Supplied information:

◇ ◇ ◇

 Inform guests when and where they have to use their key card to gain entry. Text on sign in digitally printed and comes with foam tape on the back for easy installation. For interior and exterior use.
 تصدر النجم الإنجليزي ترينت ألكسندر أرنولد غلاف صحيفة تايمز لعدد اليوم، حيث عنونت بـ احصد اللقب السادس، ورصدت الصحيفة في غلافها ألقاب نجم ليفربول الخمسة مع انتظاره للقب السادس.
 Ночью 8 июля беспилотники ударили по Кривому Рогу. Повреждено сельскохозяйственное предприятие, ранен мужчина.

◇ ◇ ◇

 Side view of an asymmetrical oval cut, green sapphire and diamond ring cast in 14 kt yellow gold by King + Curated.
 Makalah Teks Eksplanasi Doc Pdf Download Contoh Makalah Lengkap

◇ ◇ ◇

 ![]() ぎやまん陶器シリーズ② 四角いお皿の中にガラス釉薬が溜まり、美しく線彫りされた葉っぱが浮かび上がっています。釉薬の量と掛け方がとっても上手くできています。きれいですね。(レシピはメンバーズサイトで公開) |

◇ ◇ ◇

Your goal: Your task is to retype the entries verbatim, starting with the line that holds "Inform guests when" and stopping after the line that holds "Ночью 8 июля".

Answer space:
 Inform guests when and where they have to use their key card to gain entry. Text on sign in digitally printed and comes with foam tape on the back for easy installation. For interior and exterior use.
 تصدر النجم الإنجليزي ترينت ألكسندر أرنولد غلاف صحيفة تايمز لعدد اليوم، حيث عنونت بـ احصد اللقب السادس، ورصدت الصحيفة في غلافها ألقاب نجم ليفربول الخمسة مع انتظاره للقب السادس.
 Ночью 8 июля беспилотники ударили по Кривому Рогу. Повреждено сельскохозяйственное предприятие, ранен мужчина.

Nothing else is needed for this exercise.